И когда последней вышла бабка, Петрович захрипел, сгибаясь под тяжестью. И он уже не видел, как сюда, в погреб вбежал солдат. Свой, советский. Это бабка позвала его. Подставив одну, вторую доску под балку, он подхватил деда и выволок на воздух…

К вечеру бой разгорелся снова. Гремели пушечные выстрелы, трещали пулеметы. Вспыхнула, пошла полыхать соседская хата… На улице показались автомашины, потом — танки…

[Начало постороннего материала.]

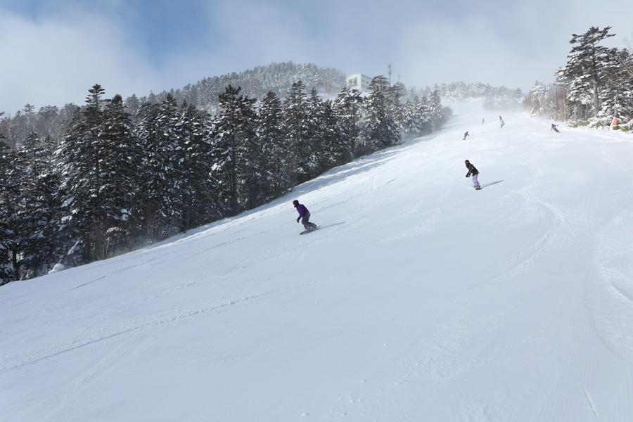 スキー場トップは風が強くて、日が差す場面もありましたが、乾いた雪が降り続いていました。粉雪の圧雪の三笠ウィングコース(写真)ではトッピングされた5~10cmの新雪の感触を味わいつつスピードに乗れました。ファミリーコースは適度に締まった粉雪の圧雪でした。
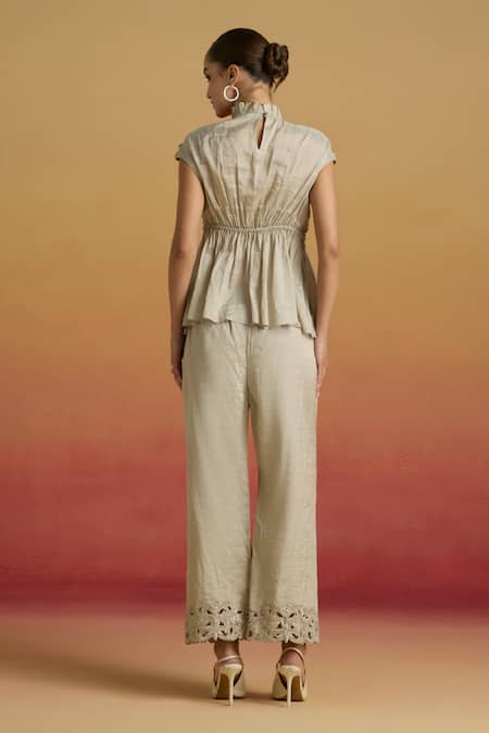 Silver Tissue Crystals High Neck Beaded Smocked Top
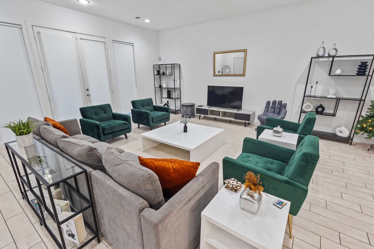 Welcome to The Prolific Stay, your luxury escape in Houston. - Thoughtfully designed 3BR retreat - Vibrant décor and spa-like bathrooms - Spacious living areas and private office nook - Fully stocked kitchen and two-car garage - Smart TVs and fast Wi-Fi - Perfect for business travel, family trips, or extended stays - This designer 3BR townhome offers bold style, calming accents, and upscale amenities that cater to relaxation and productivity.
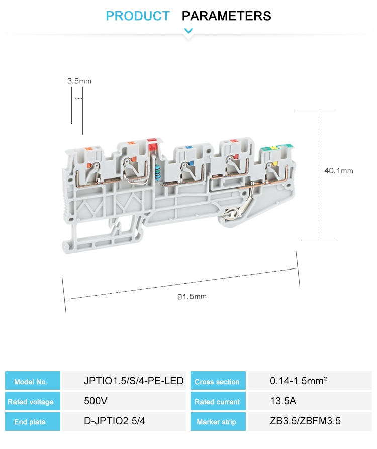 CE/RoHS/CQC/ISO 9001JPTIO1.5/S/4-PE-LED(24V) センサーアクチュエーター端子台Push-in 直接接続技術により、挿入力が最大 50% 軽減され、工具不要の配線により、導体を簡単かつ直接挿入できます。エンジニアリング難燃性ナイロン PA66 と真鍮ネジ金属で作られています。エンジニアリング難燃性ナイロン PA66 と真鍮ネジ金属で作られています。プッシュイン接続端子台は、フェルールまたはソリッド導体を備えた導体を工具不要で簡単に配線できるのが特徴です。コンパクトなデザインと前面接続により、限られたスペースでの配線が可能です。二重機能シャフトのテスト機能に加え、すべての端子台で追加のテスト接続......
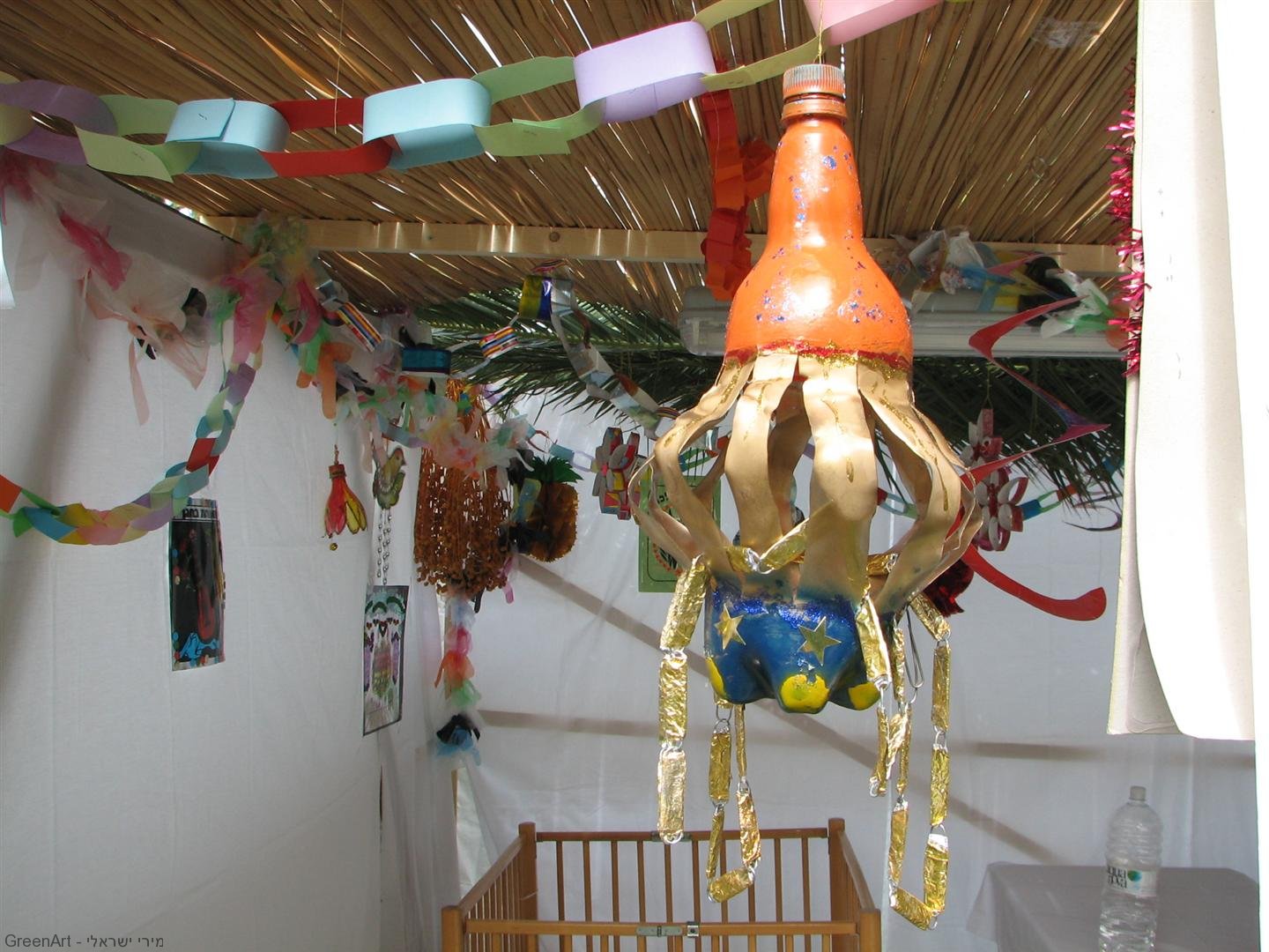 לא צריך ללכת לקנות קישוטים, ניתן ליצור כיד הדמיון הטובה, לצבוע, לקשט ולתלות בסוכה המוארת והירוקה מקבלת את האושפיזין בהושטת ידה לסביבה..
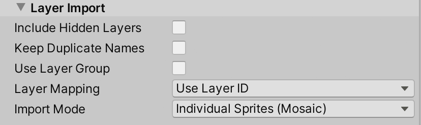 **Import Mode** | Use this property to specify how the layers from the source file are imported. This property is set to **Individual Sprites (Mosaic)** by default.
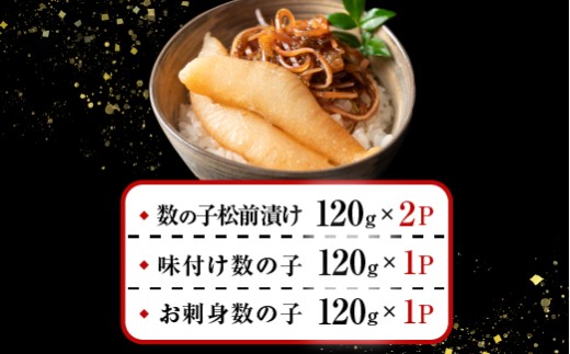 【内容量】数の子松前漬け120g×2P、味付数の子120g×1P、お刺身数の子120g×1P
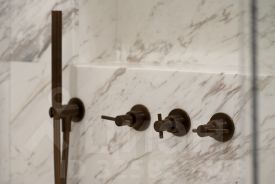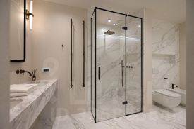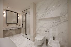 В каждой квартире установлены кухни от итальянского бренда Cesar со встроенной бытовой техникой премиальной линейки Smeg. Кухонный остров, столешница и фартук кухни выполнены из эксклюзивного итальянского мрамора Arabescato Grigio Orobico, одним из лучших видов мрамора на итальянском рынке натуральных отделочных камней.
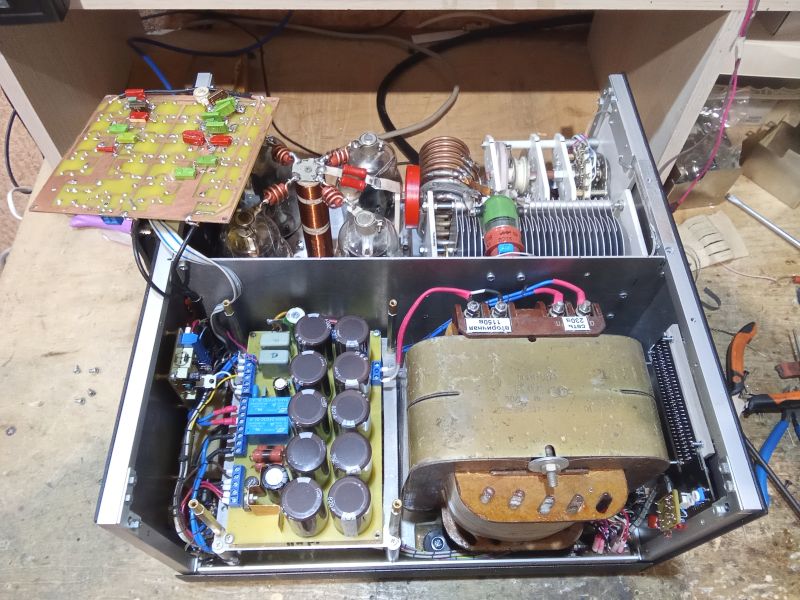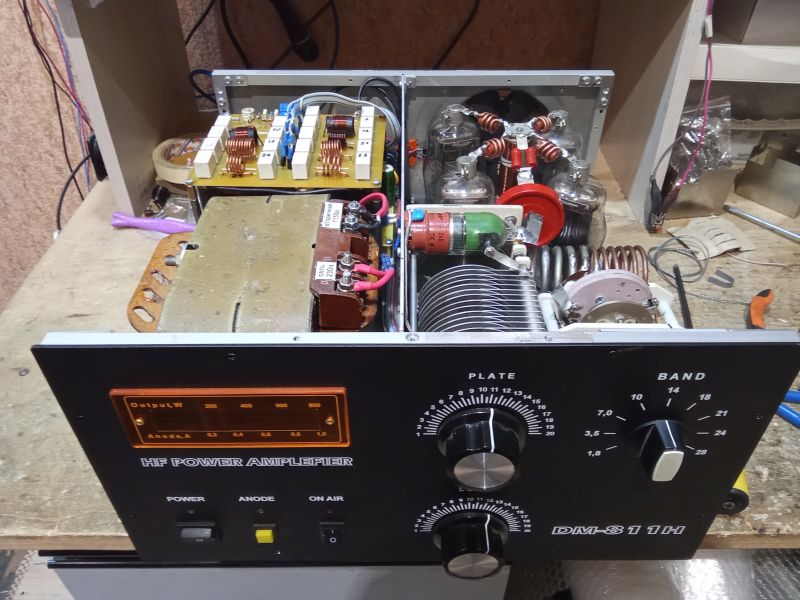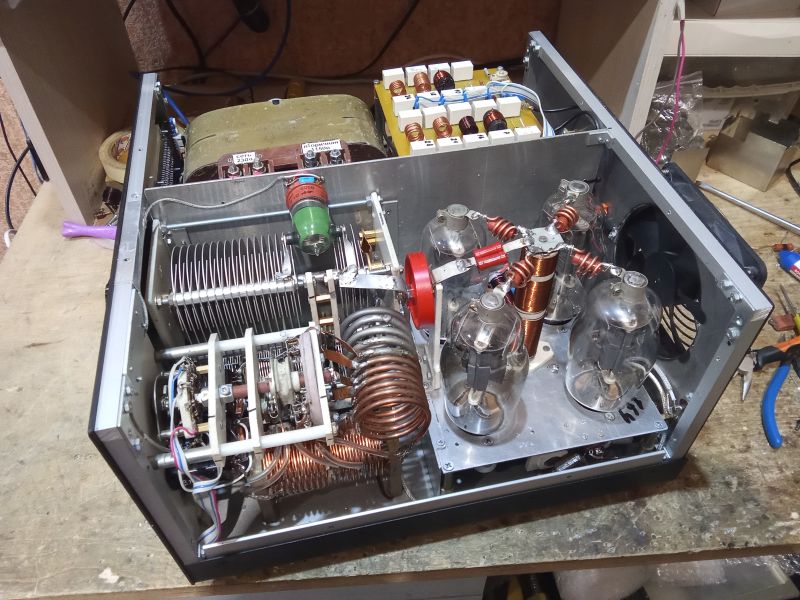 | Не прошло и 13-ти лет, как набрались запчасти для ещё одного усилителя...не пропадать же добру...))))) В качестве индикаторов тока и выхода применён китайский двухстрочный с али.... Стандартная защита по току анода... Размер 350х350х190мм....Корпус только-только...)))...Какой был...))))
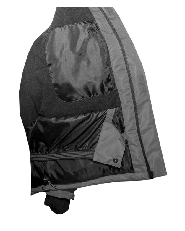 Шесть карманов: 2 – нагрудные внутренние на молниях с водоотталкивающим покрытием; 2 – нижние спереди с защитными клапанами на липучках и 2 дополнительные боковые; 2 – с внутренней стороны на подложке
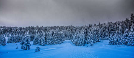 winter scenery of the evergreen forest on the mountain, Zakopane, Poland. High quality photo
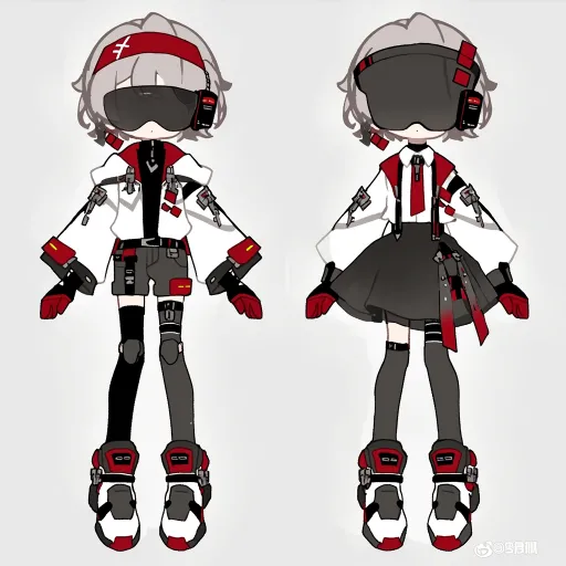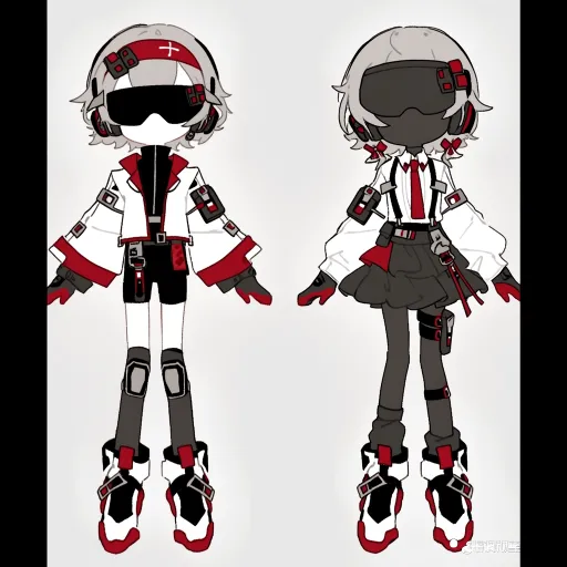Midjourney Bot 更新时间:2026-03-23 00:08https://images.gogpt.vip/aigf/m_origin/20260322/1686785/2m7nvym2au5jg5we.png 左侧人物(机能酷飒风·红白黑系) 整体风格:酷飒机能风,以白、红、黑为主调,利落干练,充满未来科技感。 发型与头饰: - 浅灰短发,搭配红色发带(饰十字小标),佩戴黑色墨镜与侧边通讯器,科技感拉满。 上衣: - 内搭黑色高领,外穿白红拼接短款机能外套,袖口宽大,装饰金属扣、红色镶边,搭配黑红拼接手套,利落有型。 下装: - 黑色机能短裤,侧边有红色方块装饰,搭配黑色护膝,强化机能感。 鞋袜: - 黑红拼接长筒袜,搭配白红黑拼色厚底机能鞋,鞋身有金属扣、绑带设计,适配机能风格。 配饰: - 红色发带、黑色墨镜、侧边通讯器、金属扣、护膝,细节精致,强化酷飒机能感。 右侧人物(甜酷机能风·红白黑系) 整体风格:甜酷机能风,以白、红、黑为主调,混搭短裙与机能元素,俏皮又利落。 发型与头饰: - 浅灰短发,侧边有红色方块装饰,佩戴黑色眼罩与通讯器,甜酷兼具。 上衣: - 内搭白色衬衫,系红色领带,外穿白红拼接短款机能外套,袖口宽大,装饰金属扣、红色镶边,搭配黑红拼接手套,元气利落。 下装: - 黑色百褶短裙,侧边有红色飘带、金属扣装饰,甜酷感拉满。 鞋袜: - 黑红拼接长筒袜,搭配白红黑拼色厚底机能鞋,鞋身有金属扣、绑带设计,适配机能风格。 配饰: - 红色方块装饰、黑色眼罩、通讯器、金属扣、飘带,细节丰富,强化甜酷机能感。 --ar 1:1 --iw 2 --niji 7
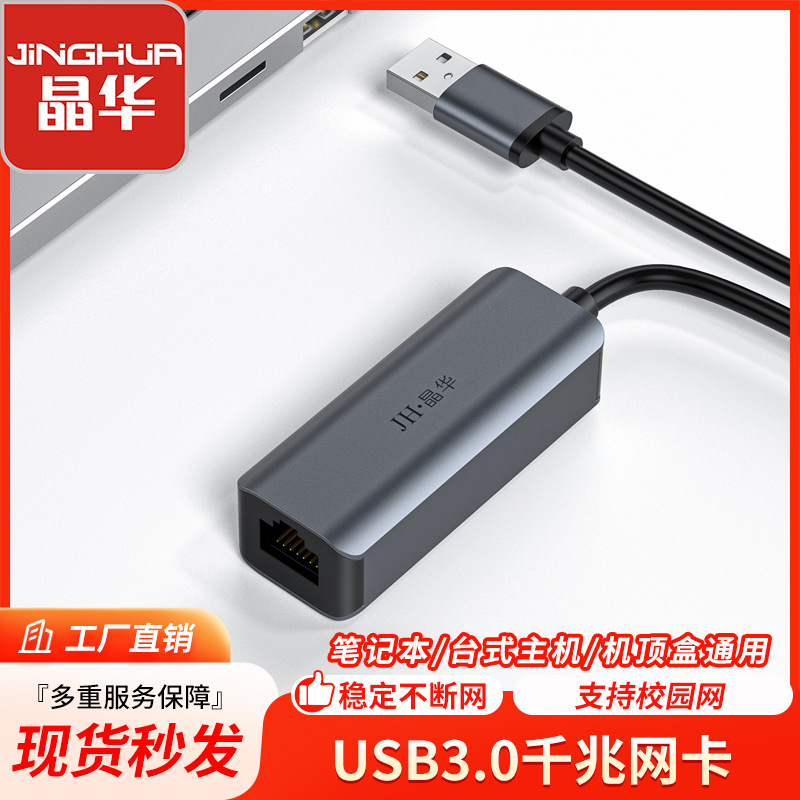 Jinghua kartu jaringan eksternal usb RJ45, kartu jaringan eksternal aluminium Aloi komputer desktop laptop USB ke kartu jaringan gigabit
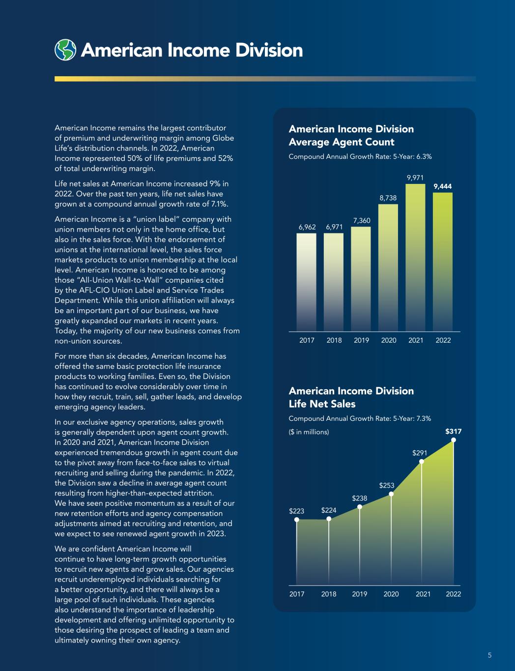 American Income remains the largest contributor of premium and underwriting margin among Globe Life’s distribution channels. In 2022, American Income represented 50% of life premiums and 52% of total underwriting margin. Life net sales at American Income increased 9% in 2022. Over the past ten years, life net sales have grown at a compound annual growth rate of 7.1%. American Income is a “union label” company with union members not only in the home office, but also in the sales force. With the endorsement of unions at the international level, the sales force markets products to union membership at the local level. American Income is honored to be among those “All-Union Wall-to-Wall” companies cited by the AFL-CIO Union Label and Service Trades Department. While this union affiliation will always be an important part of our business, we have greatly expanded our markets in recent years. Today, the majority of our new business comes from non-union sources. For more than six decades, American Income has offered the same basic protection life insurance products to working families. Even so, the Division has continued to evolve considerably over time in how they recruit, train, sell, gather leads, and develop emerging agency leaders. In our exclusive agency operations, sales growth is generally dependent upon agent count growth. In 2020 and 2021, American Income Division experienced tremendous growth in agent count due to the pivot away from face-to-face sales to virtual recruiting and selling during the pandemic. In 2022, the Division saw a decline in average agent count resulting from higher-than-expected attrition. We have seen positive momentum as a result of our new retention efforts and agency compensation adjustments aimed at recruiting and retention, and we expect to see renewed agent growth in 2023. We are confident American Income will continue to have long-term growth opportunities to recruit new agents and grow sales. Our agencies recruit underemployed individuals searching for a better opportunity, and there will always be a large pool of such individuals. These agencies also understand the importance of leadership development and offering unlimited opportunity to those desiring the prospect of leading a team and ultimately owning their own agency. 6,962 6,971 7,360 8,738 9,971 9,444 2017 2018 2019 2020 2021 2022 American Income Division Average Agent Count Compound Annual Growth Rate: 5-Year: 6.3% $223 $224 $238 $253 $291 $317 2017 2018 2019 2020 2021 2022 American Income Division Life Net Sales Compound Annual Growth Rate: 5-Year: 7.3% ($ in millions) 5
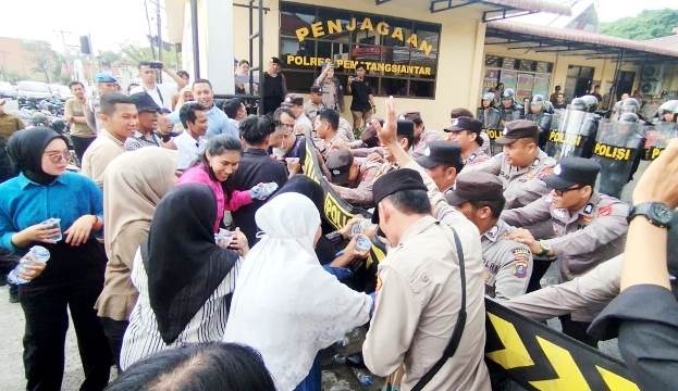Unjukrasa di depan Markas Polres Siantar, Jalan Sudirman, Kota Siantar memanas. Selain ada pembakaran ban, massa aksi dengan personel Polisi nyaris bentrok. Bahkan, ada pengunjukrasa yang diduga sebagai provokator diamankan.

Так длилось до самой ночи.


…Я смотрел на бледное лицо деда, на худые плечи, и мне было жалко его. А он все рассказывал и рассказывал, и все больше о сыновьях, и, как показалось, не верил в то, что они погибли. «А вдруг кто живой? В лазарете лежит, аль так где лечится?.. Мало ли их, пропавших без вести!»

Я кивал головою: да, может быть… А что я мог сказать?

Алевтина вышла замуж и куда-то уехала. И хотя бы одна, а то и внучонка увезла. Второй год ничего не слышно. Совсем осиротели дед с бабкой.

Я рассказывал ему о «катюшах», о танках; о том, как мы гнали фашистов аж до самого Берлина. А потом развернулись и стукнули по японцам.